During the day, while electricity demand is peaking, the buildings will
silently, automatically produce energy. No power plants or transmission
lines necessary. No greenhouse emissions. No need for oil, coal, natural
gas or nuclear energy. No risk of blackouts. No spiking electricity
prices. Computer and phone networks, elevators, clocks, air conditioners
and ATMs will all run simply, cleanly, like a crop of corn or a grove of
trees, on sunlight. (The complex will be connected to the grid, drawing
electricity when necessary--at night or on cloudy days--and pumping
power back in when it creates a surplus.)

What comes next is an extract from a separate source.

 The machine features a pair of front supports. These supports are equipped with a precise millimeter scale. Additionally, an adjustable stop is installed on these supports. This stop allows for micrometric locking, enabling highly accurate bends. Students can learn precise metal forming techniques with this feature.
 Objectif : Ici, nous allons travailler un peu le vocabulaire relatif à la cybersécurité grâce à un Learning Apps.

These high-tech buildings will supply all the services and comforts of a
traditional commercial or residential complex but require less than half
the electricity because of their green design features: superinsulated
walls and windows; highly efficient appliances and lighting, heating and
cooling systems; and a motion-sensing laser system that will
automatically switch off lights and equipment when not in use. Whereas
the original World Trade Center complex guzzled nearly 100 megawatts of
electricity a day on peak days, with associated emissions, the new
complex will be a net-zero-emission development. Moreover, this mini-El
Dorado of energy independence and its surrounding neighborhood will be
designed to have minimal need for cars and trucks. Once there, visitors
will be in the greatest walking neighborhood in the world. The three
airports, Kennedy, La Guardia and Newark, will be connected by train to
the downtown terminal, making it an easy commute. An expanded network of
ferries connecting lower Manhattan with Brooklyn, Queens, New Jersey and
uptown will provide a fast and pleasurable way to get around. The heart
of lower Manhattan will be knitted together by a clean, quiet street
grid restored for use by pedestrians alone.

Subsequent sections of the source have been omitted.